[R-SIG-Mac] Data editor

John Walker john.s.walker at uchsc.edu
Tue Mar 11 17:44:48 CET 2008


Thank you for the responses to my email. I'd like to further the
discussion a little because I think it may be productive.

I'll take major points from the responses and deal with them one by one
although not necessarily in order.

With regard to my colleague's willingness to learn a command line
program. She is an extremely intelligent person and has learned Latex to
typeset her documents - no question she is able to learn. But she
requires some evidence that the program is worth learning. To her mind
and to mine, simple things should be simple to do and complex things
made easier by any software. My point here is that entering in data via
the data editor failed. Whether or not that is the best way or the right
way is irrelevant. R offers an option to enter small data sets via an
editor - the edit function.
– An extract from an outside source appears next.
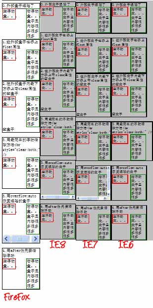 这其实是对空盒子方案的改进,一种纯CSS的解决方案,不用引入冗余元素。这是书中推荐的也是网络上给出的最佳解决方案,但问题是[IE7-]并不支持after伪元素,书上说[IE6-]要配合hack:.wrapper{height:1%;}共同使用,暂且不论谁对谁错,因为[IE7-]好像根本不会出现问题,我们看图说话。
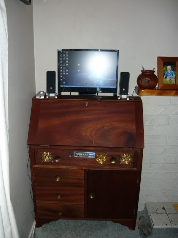 Sanded back desk,oiled and replaced with new brass fittings and fitted with parts which I was able to get from a NZ site called Modster PC

In the X11 interface and the Windows
interface to the edit function, the functionality is present. In the mac
editor it is not. I agree that the GUI interface to the command line is
nice and functional and the programmers are to be applauded. The fact
remains that the data editor in the Mac interface is inadequate.  When
someone tries a program for the first time and a simple function fails
then there is no incentive to go further.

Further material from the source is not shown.